Capturing the strange and vibrant moments within the daily maelstrom of childcare and child’s play, and in documenting the cyclical patterns of family life, Bolongaro began a process of working through his feelings of ambivalence about how we live within the idealised ‘family unit’, attempting to persuade himself that family – or at any rate, his own – can work.
In the song from which ‘Gravity Begins At Home’ takes its title, the Scottish musician Ivor Cutler assures us that the theory of gravity is ‘a lot of nonsense’, and Bolongaro’s photographs appear to support this notion – that when it comes to family, everything is up in the air: here objects (eggs, daffodils, lit candles) levitate, and children fly as though possessed. Here too are celestial bodies, mirrorings and doublings, games of scale, and collage-like overlappings and abuttings, alongside quieter, homespun scenes of domestic life (hair is brushed, telly watched, laundry folded).
Cutler suggests that the family is something ‘terribly important’. Even if we accept this, then the importance of family is surely far from uncomplicated.
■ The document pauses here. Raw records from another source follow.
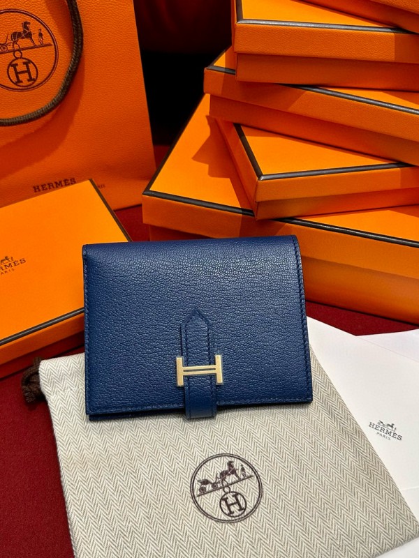 에르메스 Hermes Bearn Compact wallet 12cm Chèvre S4 Deep Blue/gold
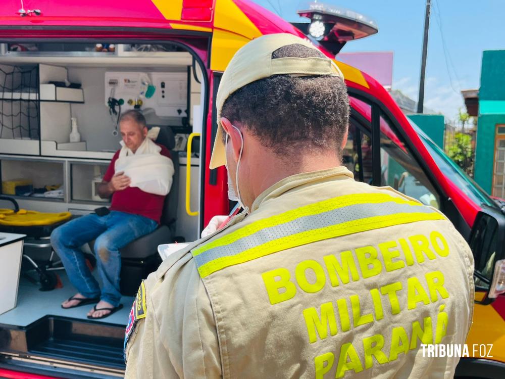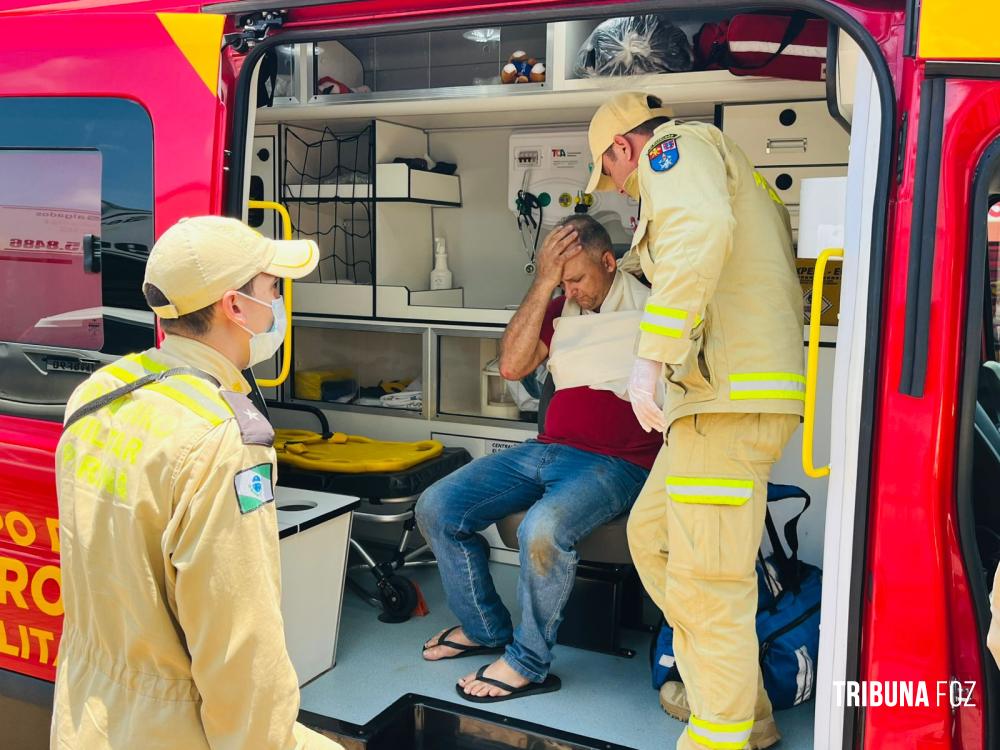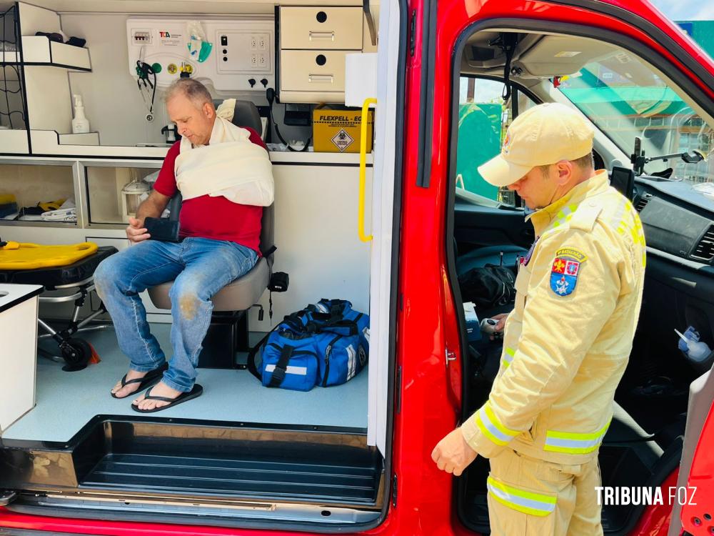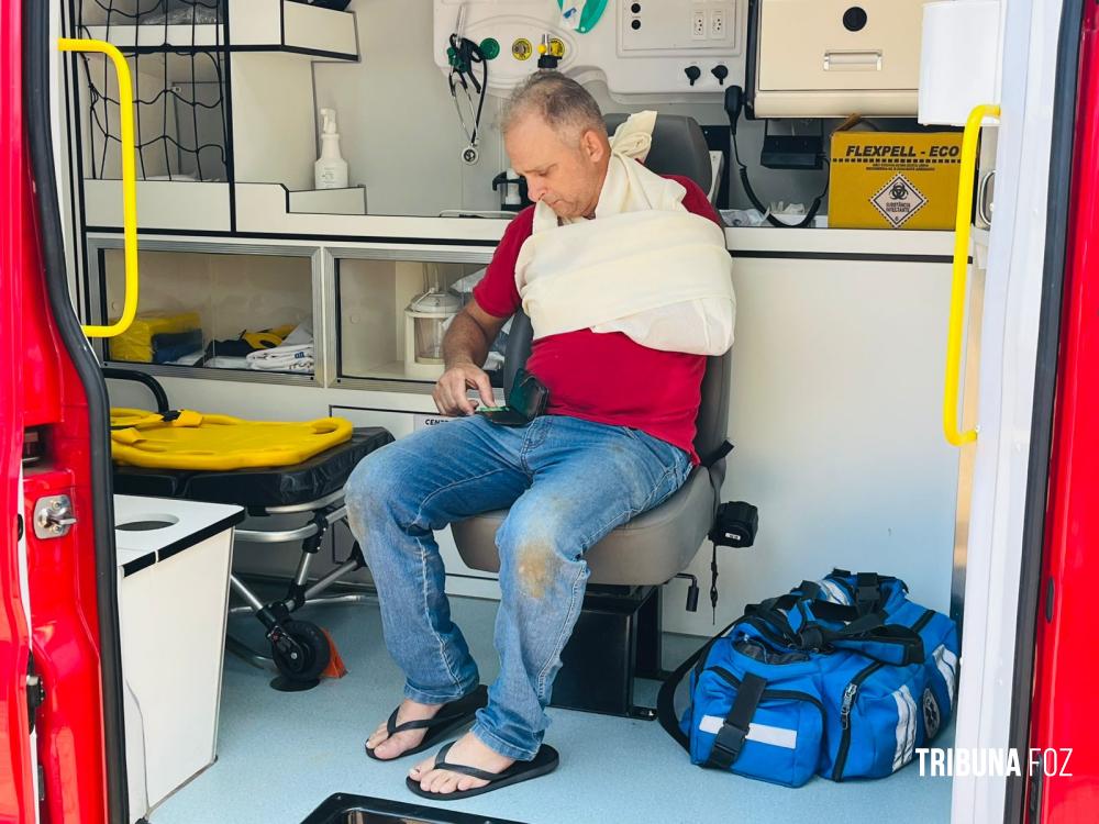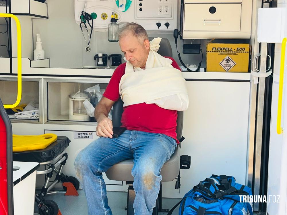 Ao chegar no local, os socorristas constataram que o homem estava consciente, porém se sentia tonto e apresentava ferimento em um dos braços. A vítima foi devidamente imobilizada e encaminhada para a UPA João Samek para avaliação médica.
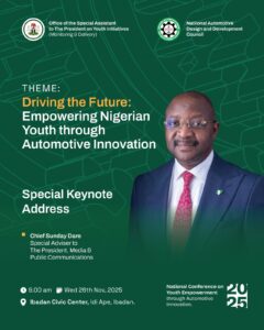 The event, themed *“Driving the Future: Empowering Nigerian Youth through Automotive Innovation,”* is being organised by the Office of the Special Assistant to the President on Youth Initiatives in collaboration with the National Automotive Design and Development Council (NADDC). It will take place at The Civic Centre, Ibadan at 9:00 am.
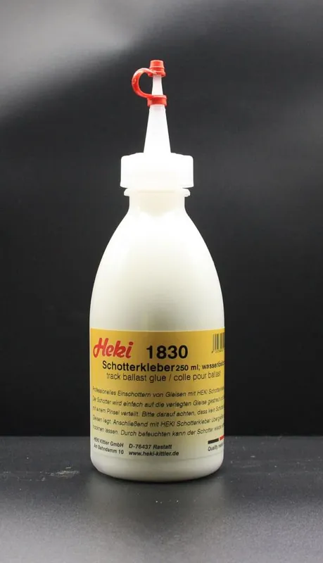 Professionelles Einschottern von Gleisen mit HEKI Schotterkleber. Der Schotter wird einfach auf die verlegten Gleise gestreut und danach mit einem Pinsel verteilt. Bitte darauf achten, dass kein Schotter auf den Gleisen liegt. Anschließend mit dem Schotterkleber übergießen und trocknen lassen. Da der Schotter wasserlöslich ist, kann er durch befeuchten wieder entfernt werden, so dass die Gleise beim Umbau wieder verwendet werden können.
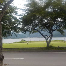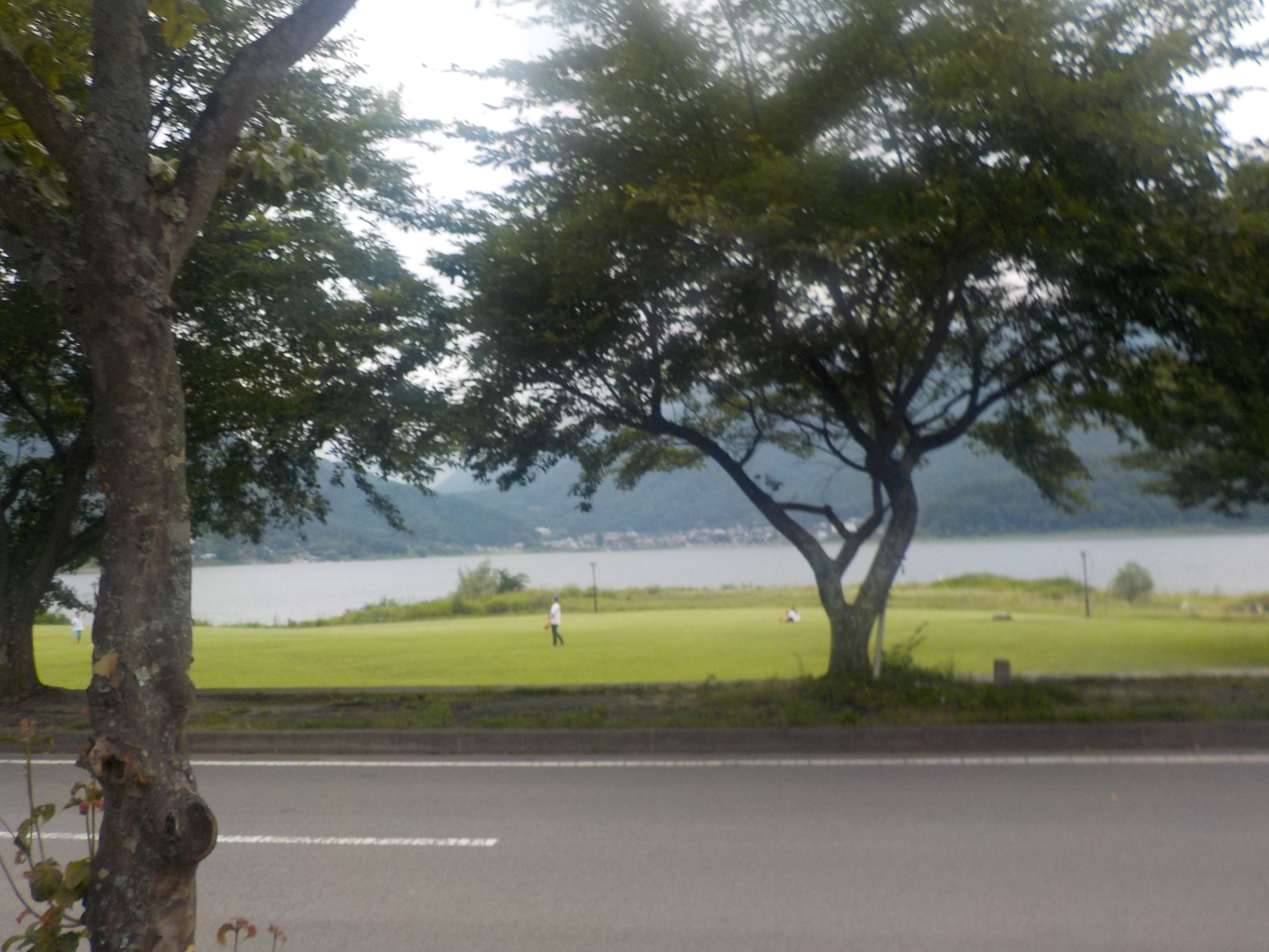 駐車場と河口湖の間が緑地になっていて遊ぶことが出来ます。
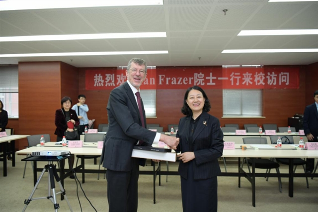 弗雷泽教授表示,他和中国开展过很多合作项目,他发明的宫颈癌预防性疫苗是他和中国科学家周健博士深入合作的产物。在他的研究所中有很多的中国研究者和留学生。他2005年与重医附二院胡丽娜教授认识,2008年董晓静教授在弗雷泽教授研究所中研修一年。弗雷泽教授十分期待和胡丽娜教授、董晓静教授再次合作,并在宫颈癌治疗性疫苗领域与重庆医科大学和重医附二院建立更广泛的合作。
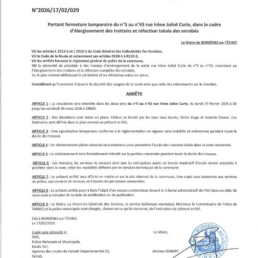 - La circulation et le stationnement seront interdits dans les deux sens des n°5 à 43 rue Irène Joliot Curie.
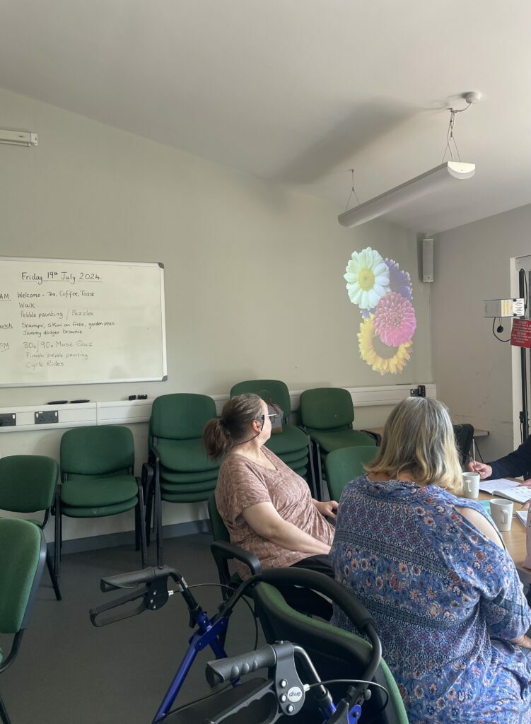 Elsie explained how they use the projector in group environments and in 1-to-1 sessions, and they often project it onto a wall, meaning groups of up to 10 can sit around and engage with the activity.
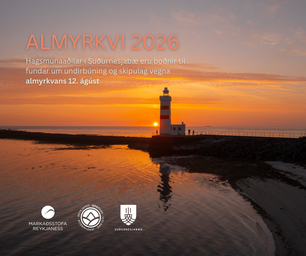 Suðurnesjabær, í samstarfi við Markaðsstofu Reykjaness og samstarfshóp svæðisins um almyrkvann, býður hagsmunaaðilum í sveitarfélaginu til kynningar- og umræðufundar um almyrkvann sem verður 12. ágúst næstkomandi. Fundurinn fer fram 13. febrúar kl. 10:00–11:30.
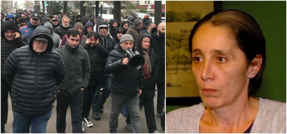 „ალტ-ინფოს წარმომადგენლები“ და მხარდამჭერები ნატა ფერაძის სახლისკენ მიემართებიან.
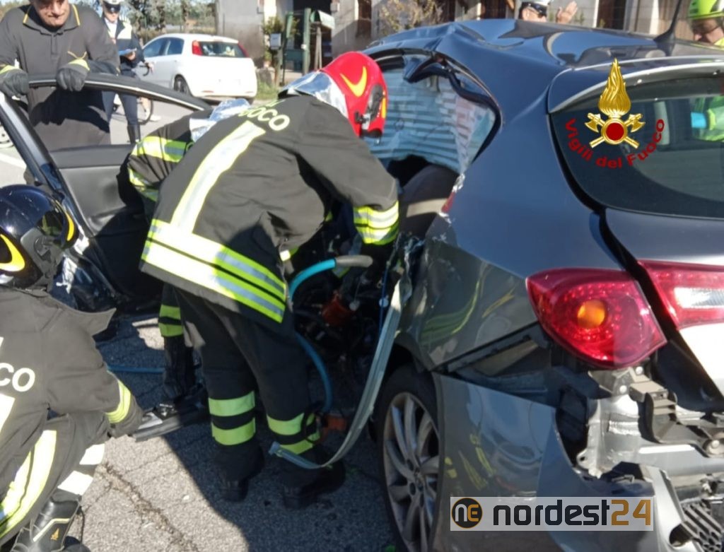 I pompieri accorsi da Lonigo hanno estratto il conducente rimasto incastrato al posto guida di un’Alfa Romeo Giulietta, che dopo essersi scontrato con il furgone con a bordo due uomini e poi carambolata per scontrarsi con un’Audi A3 condotta da una donna.
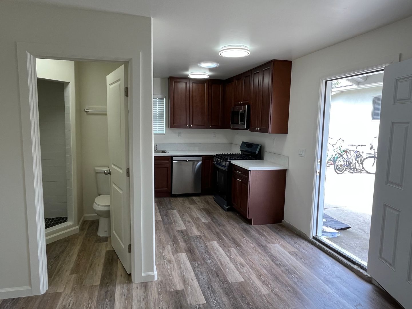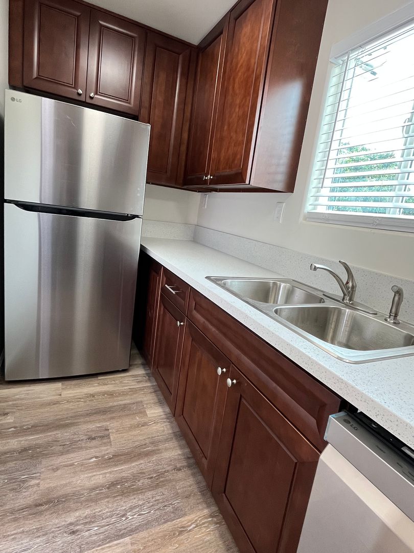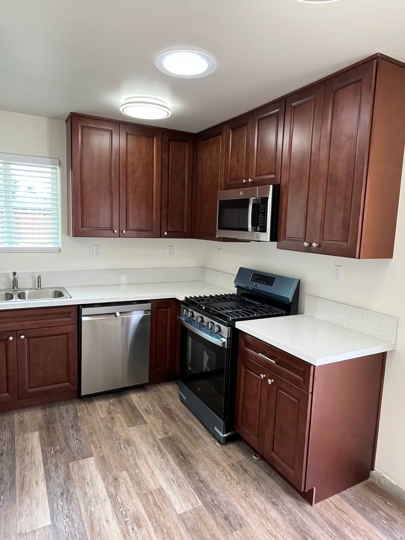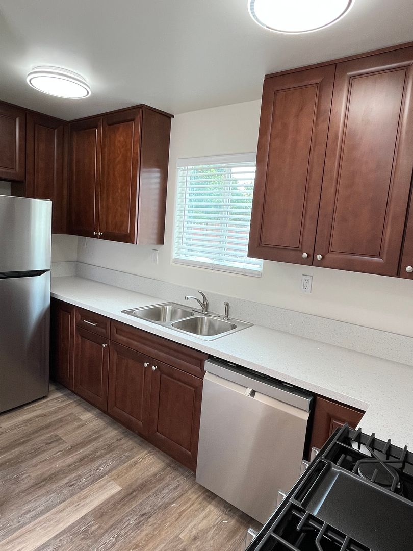 Newer construction on west end of Isla Vista. Plank flooring, white vinyl dual glazed windows (for better insulation from noise and drafts), stainless steel appliances (including dishwasher!), upgraded cabinets and counters, showers, fixtures, plumbing etc.
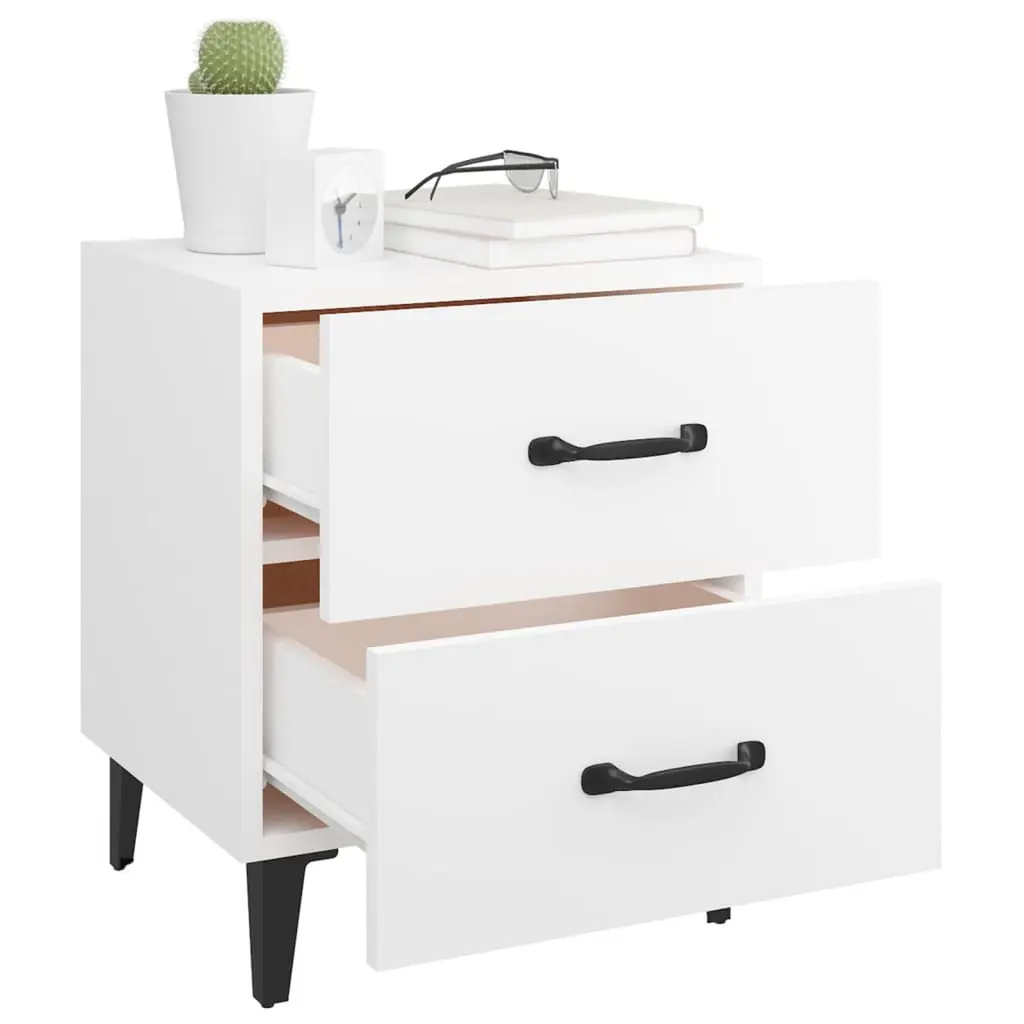 Vidaxl Bedside Cabinet Set Of 2 White Engineered Wood, Metal Standard
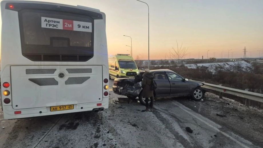 Легковушка вылетела на встречную полосу и протаранила пассажирский автобус в Приморье
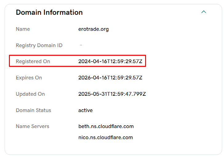 Первое, что бросается в глаза — это долгая история работы компании. Основатели утверждают, что она работает с 2006 года, однако проверка домена с помощью WHOIS показала, что он был зарегистрирован в 2024.
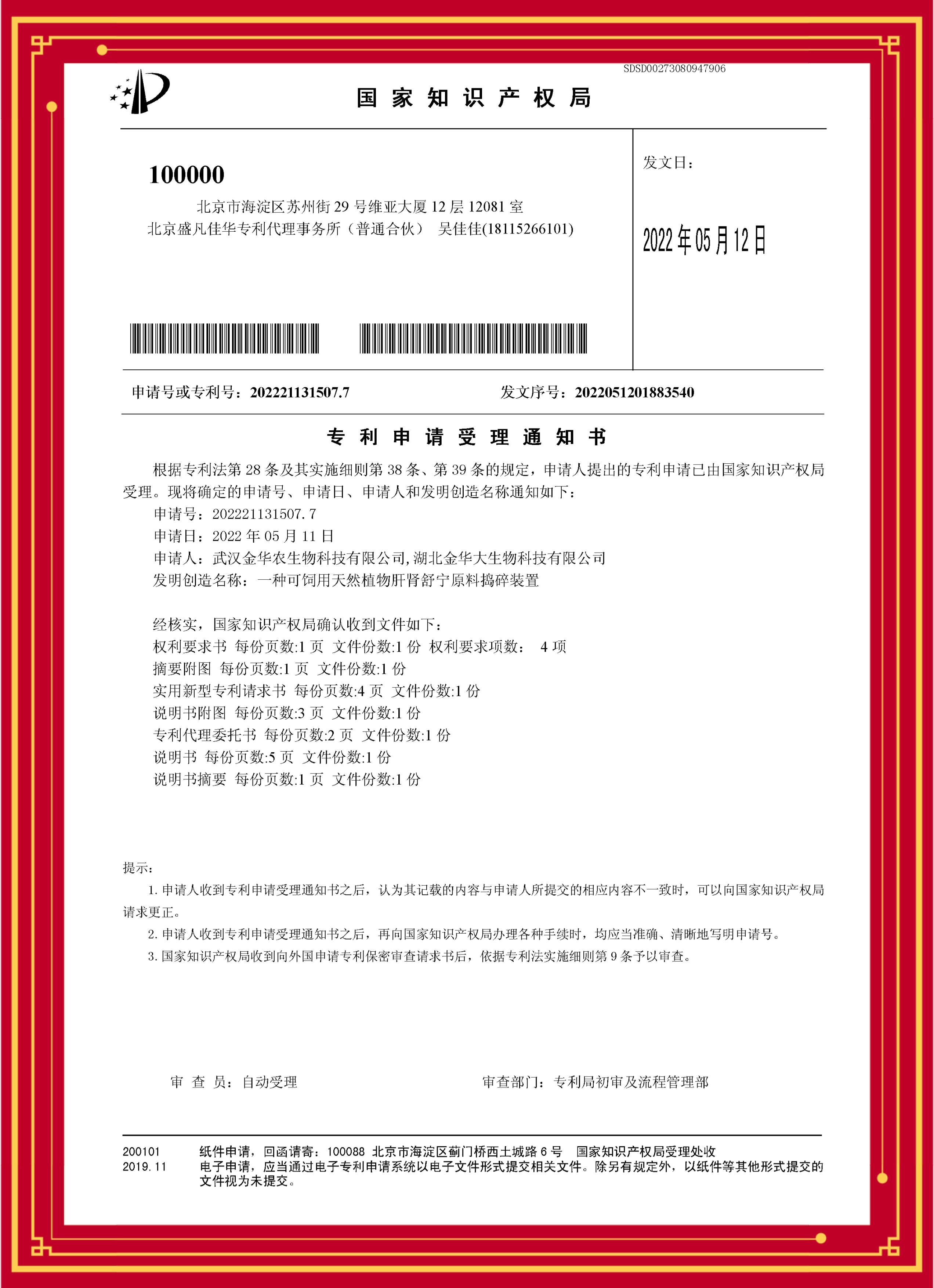 科技發(fā)明專利(肝腎舒寧):專利號—202221131507.7

So, while there are moments when the way we live together seems to defy the rules of gravity, we should continue to question the confines and strictures of the nuclear family model.
Composed of four expandable books held within a slipcase (finished with stickers applied by Bolongaro and his children) ‘Gravity Begins At Home’ gives us a dynamic, unsentimental view of family life: ambiguous, chaotic, unsettling and joyous in equal measure.